Resulta bastante curiosa la elección del argumento por parte de Arturo Ripstein para su más reciente film, se trata del asesinato de dos luchadores que hacían de “sombra” a dos connotados gladiadores del panorama luchístico mexicano y, por tanto, mundial.
Parece que el asunto de la sombra, el doble y el espejo, son fundamentales en el desarrollo de La calle de la amargura. La película nos presenta a un par de hermanos marcados por la deformidad del enanismo, dos individuos cuyo rostro nunca se conoce. Imbuidos en un halo de misterio, estos personajes guardan un extraño vínculo, pues sus padres no padecen la enfermedad, tampoco sus propios hijos, sólo ellos comparten esa condición que estrecha sus lazos y parece separarlos de todos los demás. La madre de los luchadores reitera que el destino y una fuerza ominosa vinculan a los luchadores enanos. Sin embargo, aunque el nexo existe, las personalidades de estos hombres son dispares, así como sus aspiraciones; si uno de ellos cree en permanecer siempre asociados, el otro desea huir del yugo familiar (pues los hermanos, básicamente, trabajan para sus padres, quienes hacen de representantes) y andar por cuenta propia.
El escenario propuesto para estos personajes es una sórdida ciudad que se antoja de un México atemporal que recuerda, por instantes, al cine de oro, a ratos al México del cine de ficheras, por momentos es la urbe en la que hoy vivimos. El caso es que la película está filmada e inspirada en los alrededores de la arena Coliseo y en las calles y vecindades de la Merced.

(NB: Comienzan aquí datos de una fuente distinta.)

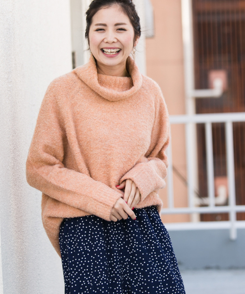 糸が杢になっているブークレ糸を使用したタートルネックニット。 独特のもこもことした生地感は着ててやみつきになる柔らかさ。毛玉やしわが出来にくいのも嬉しいポイントです。 ※伸縮性あり

Debido a este espacio, es posible ver a otros caminantes urbanos, entre los que destacan dos mujeres públicas destinadas a deshilar el poderoso vínculo que ligaba a las contrapartes pequeñas de los luchadores conocidos como La Muerte (La Parka) y el AK-47 (Espectro). Estas prostitutas navegan la decadencia de un vivir que se resquebraja para degradarse cada vez más, pues el inexorable paso del tiempo las hace cada vez menos aptas para ejercer su oficio, una de ellas recurre a la mendicidad mientras que la otra mantiene a un amante mucho más sobajado que ella y que en el fondo comienza a despreciarle, lo cual aniquila la poca dignidad a la que la prostituta interpretada por Patricia Reyes Spíndola puede aferrarse. Esta mala (aún más mala) mano del destino orilla a estas mujeres a buscar planes alternativos, por lo que deciden acudir a una vieja estratagema que consiste en narcotizar a los clientes a fin de saquearlos.
Las homicidas involuntarias cometerán un error fatal asociado a la deformidad de las víctimas, quienes hacen uso de sus servicios, enmascarados y siempre juntos hasta el fin. Ripstein muestra su escena ritual a través del espejo, como un último recordatorio de la importancia de la duplicidad en esta obra.